◆ What to produce:
Print the data exactly. Pictures stay out.

◆ Extracted records:
################
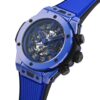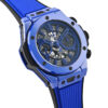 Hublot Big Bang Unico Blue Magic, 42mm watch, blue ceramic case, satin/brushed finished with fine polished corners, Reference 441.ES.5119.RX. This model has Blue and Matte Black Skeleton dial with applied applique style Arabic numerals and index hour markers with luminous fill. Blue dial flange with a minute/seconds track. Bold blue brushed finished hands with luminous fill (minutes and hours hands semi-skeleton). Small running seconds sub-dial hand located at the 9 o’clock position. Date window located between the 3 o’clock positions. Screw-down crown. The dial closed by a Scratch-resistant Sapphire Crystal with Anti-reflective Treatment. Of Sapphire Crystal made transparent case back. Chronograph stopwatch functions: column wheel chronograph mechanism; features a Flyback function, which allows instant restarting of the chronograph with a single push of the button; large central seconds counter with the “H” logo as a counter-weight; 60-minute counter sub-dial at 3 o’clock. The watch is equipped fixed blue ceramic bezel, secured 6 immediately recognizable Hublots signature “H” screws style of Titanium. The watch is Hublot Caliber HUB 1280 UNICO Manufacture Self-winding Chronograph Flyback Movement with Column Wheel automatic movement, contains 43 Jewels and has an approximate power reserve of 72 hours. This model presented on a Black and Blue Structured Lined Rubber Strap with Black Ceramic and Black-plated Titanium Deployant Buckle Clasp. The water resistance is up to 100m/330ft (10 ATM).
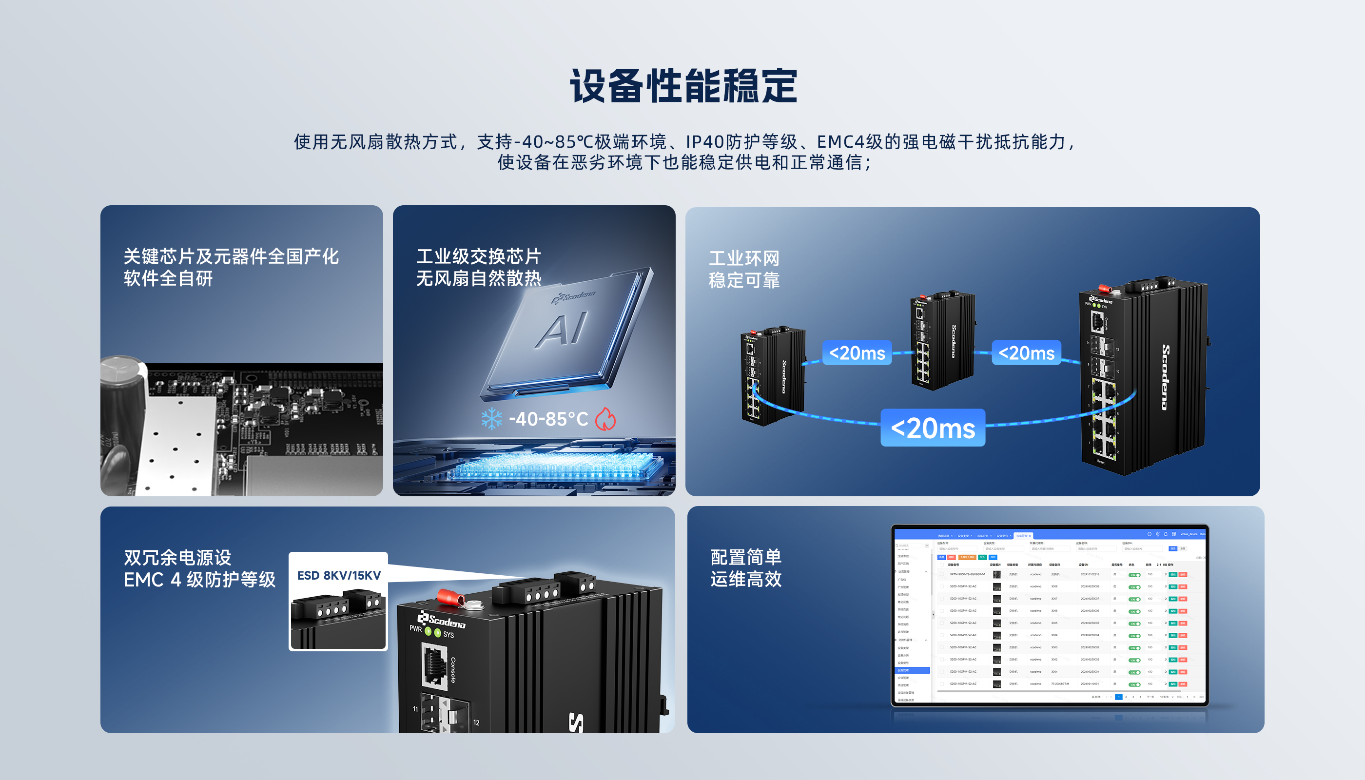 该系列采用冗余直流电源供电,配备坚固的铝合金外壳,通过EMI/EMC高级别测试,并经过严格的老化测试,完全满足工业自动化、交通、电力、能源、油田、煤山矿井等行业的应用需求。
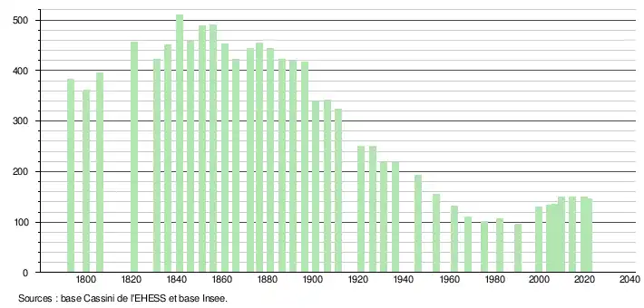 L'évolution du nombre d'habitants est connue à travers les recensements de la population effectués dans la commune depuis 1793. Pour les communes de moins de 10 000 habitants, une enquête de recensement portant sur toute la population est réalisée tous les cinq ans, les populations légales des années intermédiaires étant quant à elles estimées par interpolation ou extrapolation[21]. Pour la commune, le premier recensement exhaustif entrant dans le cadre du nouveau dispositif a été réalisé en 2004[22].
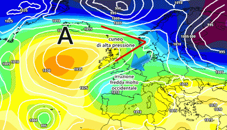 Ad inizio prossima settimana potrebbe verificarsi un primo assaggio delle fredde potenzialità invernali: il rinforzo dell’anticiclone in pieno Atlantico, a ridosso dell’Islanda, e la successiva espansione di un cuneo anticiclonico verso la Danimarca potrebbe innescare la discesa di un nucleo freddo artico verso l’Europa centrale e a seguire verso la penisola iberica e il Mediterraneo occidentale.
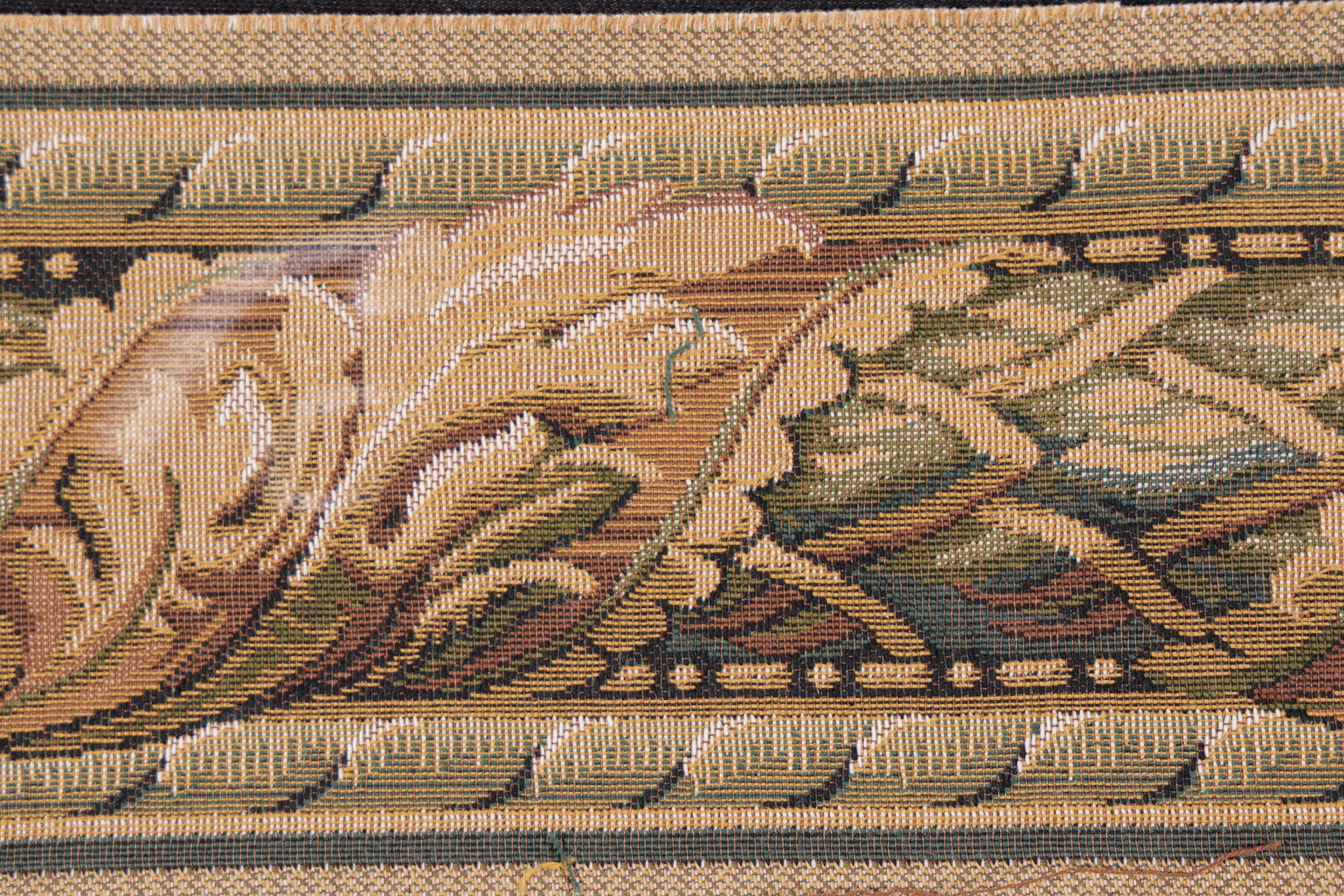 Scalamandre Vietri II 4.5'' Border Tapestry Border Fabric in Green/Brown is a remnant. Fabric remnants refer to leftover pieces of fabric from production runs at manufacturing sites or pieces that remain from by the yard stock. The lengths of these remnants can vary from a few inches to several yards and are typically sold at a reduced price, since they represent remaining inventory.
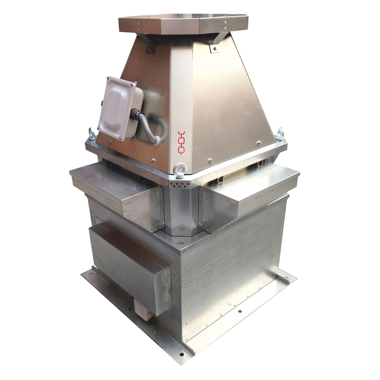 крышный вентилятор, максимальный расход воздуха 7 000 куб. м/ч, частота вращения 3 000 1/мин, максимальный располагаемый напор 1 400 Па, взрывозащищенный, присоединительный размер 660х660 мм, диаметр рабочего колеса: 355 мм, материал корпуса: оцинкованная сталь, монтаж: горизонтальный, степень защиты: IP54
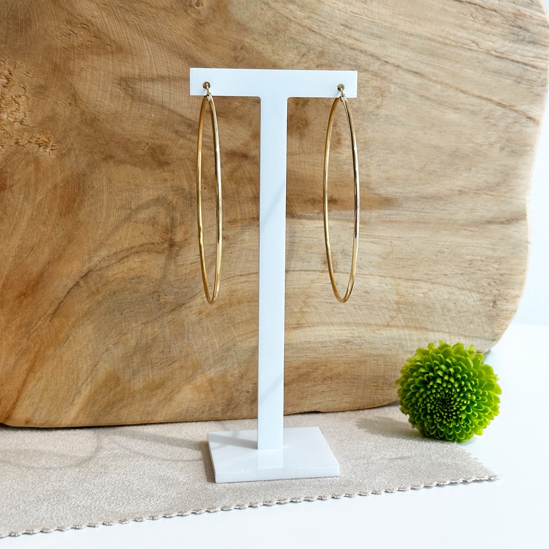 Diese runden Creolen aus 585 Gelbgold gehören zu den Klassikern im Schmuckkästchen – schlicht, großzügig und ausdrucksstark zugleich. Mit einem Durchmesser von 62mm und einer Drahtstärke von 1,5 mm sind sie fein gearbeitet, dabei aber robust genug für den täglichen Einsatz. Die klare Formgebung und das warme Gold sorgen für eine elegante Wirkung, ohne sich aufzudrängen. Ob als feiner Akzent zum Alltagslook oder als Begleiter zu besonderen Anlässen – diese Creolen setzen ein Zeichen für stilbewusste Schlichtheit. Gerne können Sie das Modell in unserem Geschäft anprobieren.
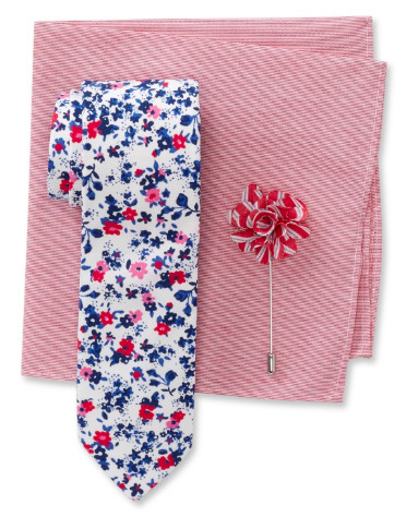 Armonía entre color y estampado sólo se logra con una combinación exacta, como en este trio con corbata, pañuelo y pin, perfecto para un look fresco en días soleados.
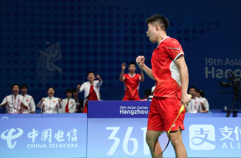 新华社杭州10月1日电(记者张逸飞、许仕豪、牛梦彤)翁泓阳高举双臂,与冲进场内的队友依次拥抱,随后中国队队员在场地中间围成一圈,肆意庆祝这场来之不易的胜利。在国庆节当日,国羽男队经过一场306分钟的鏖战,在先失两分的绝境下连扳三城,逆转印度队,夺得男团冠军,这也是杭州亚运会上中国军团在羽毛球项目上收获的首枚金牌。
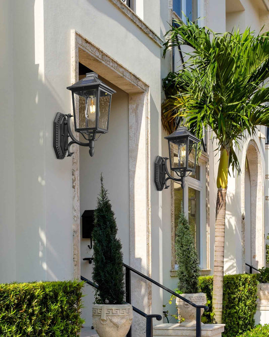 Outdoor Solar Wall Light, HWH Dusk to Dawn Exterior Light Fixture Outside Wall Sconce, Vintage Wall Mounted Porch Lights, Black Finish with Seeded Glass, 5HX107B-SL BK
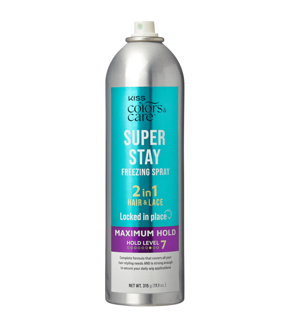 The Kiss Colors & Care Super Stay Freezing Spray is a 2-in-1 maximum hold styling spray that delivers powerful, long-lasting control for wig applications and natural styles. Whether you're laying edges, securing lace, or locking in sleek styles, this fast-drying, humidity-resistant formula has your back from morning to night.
################
◆ Answer space:
 Hublot Big Bang Unico Blue Magic, 42mm watch, blue ceramic case, satin/brushed finished with fine polished corners, Reference 441.ES.5119.RX. This model has Blue and Matte Black Skeleton dial with applied applique style Arabic numerals and index hour markers with luminous fill. Blue dial flange with a minute/seconds track. Bold blue brushed finished hands with luminous fill (minutes and hours hands semi-skeleton). Small running seconds sub-dial hand located at the 9 o’clock position. Date window located between the 3 o’clock positions. Screw-down crown. The dial closed by a Scratch-resistant Sapphire Crystal with Anti-reflective Treatment. Of Sapphire Crystal made transparent case back. Chronograph stopwatch functions: column wheel chronograph mechanism; features a Flyback function, which allows instant restarting of the chronograph with a single push of the button; large central seconds counter with the “H” logo as a counter-weight; 60-minute counter sub-dial at 3 o’clock. The watch is equipped fixed blue ceramic bezel, secured 6 immediately recognizable Hublots signature “H” screws style of Titanium. The watch is Hublot Caliber HUB 1280 UNICO Manufacture Self-winding Chronograph Flyback Movement with Column Wheel automatic movement, contains 43 Jewels and has an approximate power reserve of 72 hours. This model presented on a Black and Blue Structured Lined Rubber Strap with Black Ceramic and Black-plated Titanium Deployant Buckle Clasp. The water resistance is up to 100m/330ft (10 ATM).
 该系列采用冗余直流电源供电,配备坚固的铝合金外壳,通过EMI/EMC高级别测试,并经过严格的老化测试,完全满足工业自动化、交通、电力、能源、油田、煤山矿井等行业的应用需求。
 L'évolution du nombre d'habitants est connue à travers les recensements de la population effectués dans la commune depuis 1793. Pour les communes de moins de 10 000 habitants, une enquête de recensement portant sur toute la population est réalisée tous les cinq ans, les populations légales des années intermédiaires étant quant à elles estimées par interpolation ou extrapolation[21]. Pour la commune, le premier recensement exhaustif entrant dans le cadre du nouveau dispositif a été réalisé en 2004[22].
 Ad inizio prossima settimana potrebbe verificarsi un primo assaggio delle fredde potenzialità invernali: il rinforzo dell’anticiclone in pieno Atlantico, a ridosso dell’Islanda, e la successiva espansione di un cuneo anticiclonico verso la Danimarca potrebbe innescare la discesa di un nucleo freddo artico verso l’Europa centrale e a seguire verso la penisola iberica e il Mediterraneo occidentale.
 Scalamandre Vietri II 4.5'' Border Tapestry Border Fabric in Green/Brown is a remnant. Fabric remnants refer to leftover pieces of fabric from production runs at manufacturing sites or pieces that remain from by the yard stock. The lengths of these remnants can vary from a few inches to several yards and are typically sold at a reduced price, since they represent remaining inventory.
 крышный вентилятор, максимальный расход воздуха 7 000 куб. м/ч, частота вращения 3 000 1/мин, максимальный располагаемый напор 1 400 Па, взрывозащищенный, присоединительный размер 660х660 мм, диаметр рабочего колеса: 355 мм, материал корпуса: оцинкованная сталь, монтаж: горизонтальный, степень защиты: IP54
 Diese runden Creolen aus 585 Gelbgold gehören zu den Klassikern im Schmuckkästchen – schlicht, großzügig und ausdrucksstark zugleich. Mit einem Durchmesser von 62mm und einer Drahtstärke von 1,5 mm sind sie fein gearbeitet, dabei aber robust genug für den täglichen Einsatz. Die klare Formgebung und das warme Gold sorgen für eine elegante Wirkung, ohne sich aufzudrängen. Ob als feiner Akzent zum Alltagslook oder als Begleiter zu besonderen Anlässen – diese Creolen setzen ein Zeichen für stilbewusste Schlichtheit. Gerne können Sie das Modell in unserem Geschäft anprobieren.
 Armonía entre color y estampado sólo se logra con una combinación exacta, como en este trio con corbata, pañuelo y pin, perfecto para un look fresco en días soleados.
 新华社杭州10月1日电(记者张逸飞、许仕豪、牛梦彤)翁泓阳高举双臂,与冲进场内的队友依次拥抱,随后中国队队员在场地中间围成一圈,肆意庆祝这场来之不易的胜利。在国庆节当日,国羽男队经过一场306分钟的鏖战,在先失两分的绝境下连扳三城,逆转印度队,夺得男团冠军,这也是杭州亚运会上中国军团在羽毛球项目上收获的首枚金牌。
 Outdoor Solar Wall Light, HWH Dusk to Dawn Exterior Light Fixture Outside Wall Sconce, Vintage Wall Mounted Porch Lights, Black Finish with Seeded Glass, 5HX107B-SL BK
 The Kiss Colors & Care Super Stay Freezing Spray is a 2-in-1 maximum hold styling spray that delivers powerful, long-lasting control for wig applications and natural styles. Whether you're laying edges, securing lace, or locking in sleek styles, this fast-drying, humidity-resistant formula has your back from morning to night.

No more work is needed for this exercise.